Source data

::::::

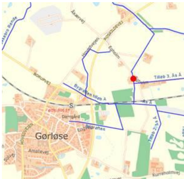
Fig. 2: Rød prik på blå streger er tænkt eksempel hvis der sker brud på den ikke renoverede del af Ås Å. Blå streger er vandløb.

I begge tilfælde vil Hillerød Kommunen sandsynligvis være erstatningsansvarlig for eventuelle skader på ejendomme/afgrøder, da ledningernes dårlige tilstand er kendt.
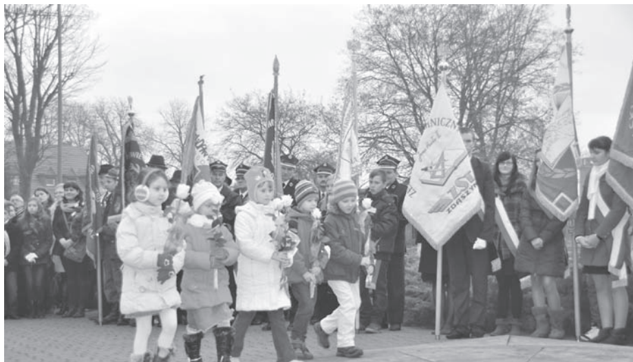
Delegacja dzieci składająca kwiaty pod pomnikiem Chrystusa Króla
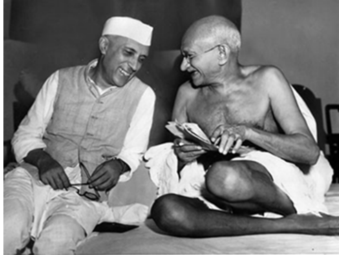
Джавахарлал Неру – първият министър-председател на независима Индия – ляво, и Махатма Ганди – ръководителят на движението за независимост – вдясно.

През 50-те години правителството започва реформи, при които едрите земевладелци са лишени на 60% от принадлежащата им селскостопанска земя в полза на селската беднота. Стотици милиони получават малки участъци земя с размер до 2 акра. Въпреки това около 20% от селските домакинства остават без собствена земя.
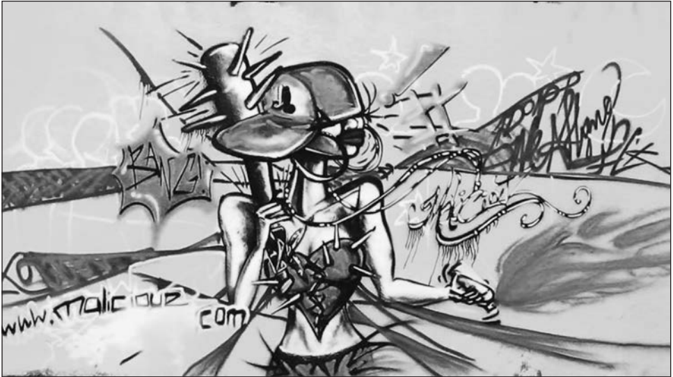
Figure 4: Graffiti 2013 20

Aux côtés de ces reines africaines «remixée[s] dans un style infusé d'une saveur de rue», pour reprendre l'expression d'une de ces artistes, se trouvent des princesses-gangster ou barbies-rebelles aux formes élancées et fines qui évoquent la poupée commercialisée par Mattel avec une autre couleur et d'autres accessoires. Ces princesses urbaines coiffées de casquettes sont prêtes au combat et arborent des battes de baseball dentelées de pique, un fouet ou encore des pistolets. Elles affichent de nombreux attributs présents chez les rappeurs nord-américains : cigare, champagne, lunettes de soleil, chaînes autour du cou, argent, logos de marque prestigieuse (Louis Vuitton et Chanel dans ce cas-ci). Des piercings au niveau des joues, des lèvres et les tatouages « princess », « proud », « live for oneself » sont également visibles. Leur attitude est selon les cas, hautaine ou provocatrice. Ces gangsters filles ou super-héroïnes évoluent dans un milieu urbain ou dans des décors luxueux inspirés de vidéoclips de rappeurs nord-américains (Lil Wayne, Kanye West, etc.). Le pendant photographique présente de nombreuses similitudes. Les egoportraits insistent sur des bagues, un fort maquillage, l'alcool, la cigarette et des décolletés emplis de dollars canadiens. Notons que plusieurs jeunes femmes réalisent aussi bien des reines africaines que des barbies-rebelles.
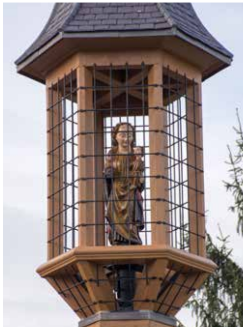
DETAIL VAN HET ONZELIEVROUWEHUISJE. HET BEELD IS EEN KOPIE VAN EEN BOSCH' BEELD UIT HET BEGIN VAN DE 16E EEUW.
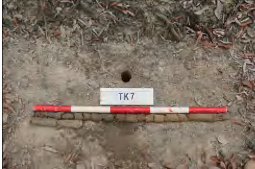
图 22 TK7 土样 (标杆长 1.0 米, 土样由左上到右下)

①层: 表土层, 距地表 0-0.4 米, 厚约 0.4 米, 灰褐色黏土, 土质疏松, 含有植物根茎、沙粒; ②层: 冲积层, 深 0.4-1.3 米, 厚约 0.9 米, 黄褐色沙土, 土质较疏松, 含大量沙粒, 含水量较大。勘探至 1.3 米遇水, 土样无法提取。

::::::

The answer must consist solely of the lines from the first line of the data through the line containing "Aux côtés de", inclusive, reproduced exactly and without pictures.

TASK RESPONSE:
Fig. 2: Rød prik på blå streger er tænkt eksempel hvis der sker brud på den ikke renoverede del af Ås Å. Blå streger er vandløb.

I begge tilfælde vil Hillerød Kommunen sandsynligvis være erstatningsansvarlig for eventuelle skader på ejendomme/afgrøder, da ledningernes dårlige tilstand er kendt.
Delegacja dzieci składająca kwiaty pod pomnikiem Chrystusa Króla
Джавахарлал Неру – първият министър-председател на независима Индия – ляво, и Махатма Ганди – ръководителят на движението за независимост – вдясно.

През 50-те години правителството започва реформи, при които едрите земевладелци са лишени на 60% от принадлежащата им селскостопанска земя в полза на селската беднота. Стотици милиони получават малки участъци земя с размер до 2 акра. Въпреки това около 20% от селските домакинства остават без собствена земя.
Figure 4: Graffiti 2013 20

Aux côtés de ces reines africaines «remixée[s] dans un style infusé d'une saveur de rue», pour reprendre l'expression d'une de ces artistes, se trouvent des princesses-gangster ou barbies-rebelles aux formes élancées et fines qui évoquent la poupée commercialisée par Mattel avec une autre couleur et d'autres accessoires. Ces princesses urbaines coiffées de casquettes sont prêtes au combat et arborent des battes de baseball dentelées de pique, un fouet ou encore des pistolets. Elles affichent de nombreux attributs présents chez les rappeurs nord-américains : cigare, champagne, lunettes de soleil, chaînes autour du cou, argent, logos de marque prestigieuse (Louis Vuitton et Chanel dans ce cas-ci). Des piercings au niveau des joues, des lèvres et les tatouages « princess », « proud », « live for oneself » sont également visibles. Leur attitude est selon les cas, hautaine ou provocatrice. Ces gangsters filles ou super-héroïnes évoluent dans un milieu urbain ou dans des décors luxueux inspirés de vidéoclips de rappeurs nord-américains (Lil Wayne, Kanye West, etc.). Le pendant photographique présente de nombreuses similitudes. Les egoportraits insistent sur des bagues, un fort maquillage, l'alcool, la cigarette et des décolletés emplis de dollars canadiens. Notons que plusieurs jeunes femmes réalisent aussi bien des reines africaines que des barbies-rebelles.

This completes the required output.